The Humanistic Approach, which emerged in the middle of the 20th century in psychology, came to rectify this. It places the individual human in the focus of research and therapy, as a unique being with unique past, problems, and potential. It strives to avoid overgeneralisation and statistical evidence and focus upon the human as a whole, which is far more complex than individual parts, be it dreams, family relationships or behavioural patterns.

The Humanistic Approach in psychology has a long history, rich in research and publications, beginning with Abraham Maslow and Carl Rodgers.

As they became more popular, principles of the Humanistic Approach were incorporated into a number of cognitive approaches to teaching, first of all, language teaching.

There was a precedent for this. Skinner’s behaviourism theory builds the scientific foundation of the audio-lingual approach.

Thus, one may argue, that we cannot speak of a humanistic approach to language teaching, but rather of approaches, each of them having its own scientific foundation and research history, each being backed by its own empirical evidence.

A “measuring unit” for their association with the humanistic approach is the level to which they focus on students and their needs, rather than on imparting “objective” knowledge.

“Teach students, not subjects”, has been the motto of Pilgrim’s founders and a leading working principle of all teacher trainers. “Broken down” to day-by-day implementation this means:

Look into what your students need, rather than what a course plan requires.
Be prepared to change and adapt your lesson, responding to students’ immediate needs.
Course books were written for a certain “students’ average”, not your students.
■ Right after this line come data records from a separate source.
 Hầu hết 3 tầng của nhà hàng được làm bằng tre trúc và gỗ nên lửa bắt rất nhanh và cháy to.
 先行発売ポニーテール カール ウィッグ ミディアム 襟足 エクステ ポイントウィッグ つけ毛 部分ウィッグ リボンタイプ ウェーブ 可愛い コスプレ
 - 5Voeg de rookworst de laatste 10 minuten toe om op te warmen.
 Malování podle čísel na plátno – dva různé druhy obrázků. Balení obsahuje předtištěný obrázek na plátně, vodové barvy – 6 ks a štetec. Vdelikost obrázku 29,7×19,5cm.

Change and adapt them, to accommodate your class, discard if this is impossible.
Creating a positive environment for learning is more valuable than “teaching the right facts”.
Respect your students. Their dignity is independent of their knowledge and abilities in the subject you teach.
Students’ out-of-the-classroom lives and problems need to be taken into consideration. Just by entering your classroom, they don’t turn into language learning machines with no other emotions or worries.
Learning can and should be enjoyable and motivational. Quality of learning is measured by real-life performance, not by effort and long learning hours.
Create chances for students to show and do their best.
Focus on students’ success, not on their failures. Positive reinforcement is a tool to encourage learning, punishment is not.
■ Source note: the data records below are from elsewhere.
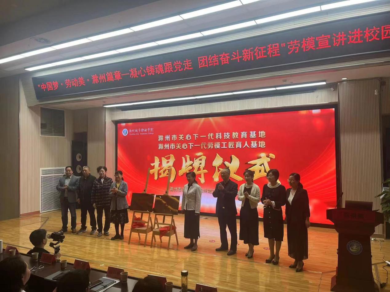 5月11日,滁州城市学院关工委开展科枝教育基地和劳模工匠育人基地揭牌仪式,彩运网副主任朱荣和滁州城市职业学院关工委主任牛春雨为基地揭牌。仪式后,院关工委邀请两位全国劳模芮哓艳、曹文龙英模巨匠为在校大学生举办一场别开生面、感人动情的思政教育报告会。
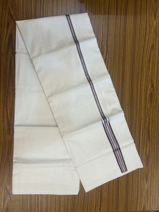 20% Discount!! KaithariKada Balaramapuram Pure Cotton Double Off White - (Unbleached) - Mundu/Dhoti - 100x80 - 1 inch Puliyilakkara Silver Kasav & Burnt Maroon Stripes One Side Chutty Kara 4 mtr (8.5 muzham) - 35 KK5311 VAS
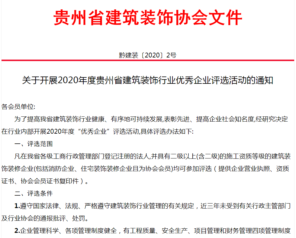 8.评选活动由贵州省建筑装饰协会秘书处负责,并组织评选,协会审定表彰。
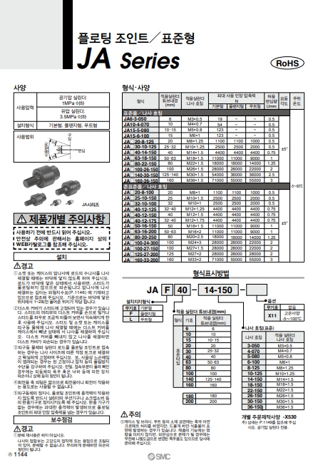 JA30-10-125, JA30-14-150, JA30-18-150, JA30-22-150, JA30-26-150, JA30-30-150, JA30-36-150, SMC 플로팅 조인트.
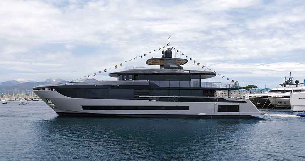 Uno yacht a tre ponti progettato dall’Ufficio tecnico del cantiere insieme al designer Alberto Mancini, in collaborazione con lo studio Verme che ha curato l’ingegneria navale. Uno yacht nel quale forma, volumi significativi (330 GT) e contenuto si combinano in modo innovativo e distintivo. Dove la personalità dell’estetica “minimal” con le falchette del ponte superiore costruite interamente in vetro, si traduce in un nuovo stile di vita “seamless” votato al piacere di stare in mare. Le grandi superfici vetrate del main deck e dell’upper deck sono a tutta altezza. In parte apribili per dare continuità agli spazi in & out. Il risultato ottenuto è una “villa sul mare”, nella quale sono presenti tutti quegli elementi che hanno reso la serie Mangusta Oceano un importante successo commerciale negli Stati Uniti.
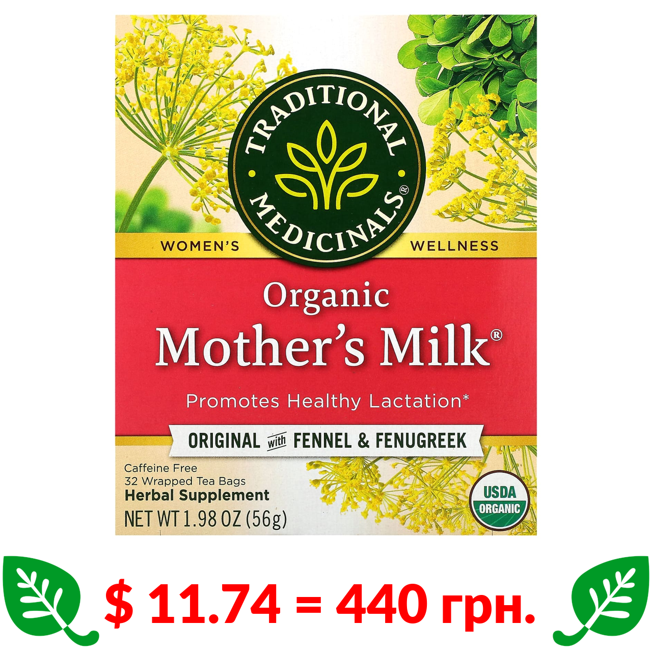 $ 5.82 = 218 грн. Traditional Medicinals, органічний фірмовий чай з фенхелем і пажитником, без кофеїну, 16 чайних пакетиків в упаковках, 28 г (0,99 унції)

Can testing agree with the principles of a humanistic approach to teaching?

Your spontaneous, un-reflected answer to this question may well be “no”. There are certain qualities of tests that seem irreconcilable with a humanistic approach to teaching.

Tests focus on a certain level of knowledge or skills, expected as a minimum/average at a certain point, not on individual progress.
Failing to present proof for that knowledge/skills is penalised.
The reasons for the failure are of little to no consequence. Whether it’s a real lack of knowledge, or a momentary lapse of concentration due to, for example, toothache, failing to comply with requirements means failing a test or at least a task.
Tests are created in advance, they cannot be changed or adapted to respond to students’ immediate state of being.
Tests, more often than not, a stressful experience. This is particularly the case with high-stake tests, where underperformance may have long term, up to life-long negative consequences.

Why bother then?

There is, indeed, a certain tradition of “test-damnation” among propagators of a humanistic approach and there are very good, valid reasons for that.

On the other hand, teaching reality in most educational systems dictates the necessity to deal with testing and assessment. Turning our backs to it won’t be of service to our students, who will be expected to get a certain grade or pass their finals. Telling them how counter-productive testing is to real knowledge will be of little help if the university they want to study at requires a B2 Certificate for language knowledge for enrolment.

You may argue that good quality teaching should be enough to enable students to pass such tests with flying colours. While good teaching is, of course, a basic requirement, I argue that it may not be sufficient. You cannot have good testing with bad teaching, but you can have good teaching with bad testing.

Does this mean that we stop being humanistic teachers on test days?

I would like to outline the main reasons why the answer to this question can be “no”.

Once I accept the necessity to deal with tests and refuse to betray the principles of humanistic teaching, I have one option: looking for ways to humanise testing.

A helpful way to do this is to examine the “official” requirement of good testing and look for “common denominators” between these requirements and the humanistic principles.

I have found a range of such common denominators, especially in the context of the “holy trinity of a good test”, validity, reliability and positive backwash.

Validity

The statement “A valid test is a humanistic test” may seem somewhat far-fetched. With a slight shift of focus, we can bring a large portion of truth in it.

Current “testing gurus” seem to have entered a “coming up with new validities“ competition. Moreover, there’s a certain disagreement on the definition of each validity.

I call this phenomenon in science the “potato salad syndrome”. If you live in Germany, you will soon find out that every household has its own recipe for a potato salad and it’s always “the best and the ultimate one.” If you are not as passionate about potato salad, you will easily detect common ingredients (most prominently boiled potatoes) and realise that the differences (fried onion rings or finely chopped shallots) aren’t nearly as important about the final result.

Following this approach, I am going to examine the central types of validity and their importance for a good = humanistic test.

Content validity

Broadly defined, content validity states “Only test what you have taught” or “Don’t test what you haven’t taught”.

When discussing the topic with teachers, who write their own test, a universal reaction is, “But that’s self-evident.” Responses become considerably more differentiated when we compare definitions of “taught”. These begin with “present, do a few exercises and homework”. In extreme cases, teachers have admitted to quickly teach a language phenomenon (usually tense), because it had to be tested the next lesson! This is often the case with test-driven educational systems, with rigid “when to test what” schemes. Clearly, there is no way these can be reconciled with the principles of humanistic teaching. We need to be equally clear, however, that such tests violate the claim of content validity.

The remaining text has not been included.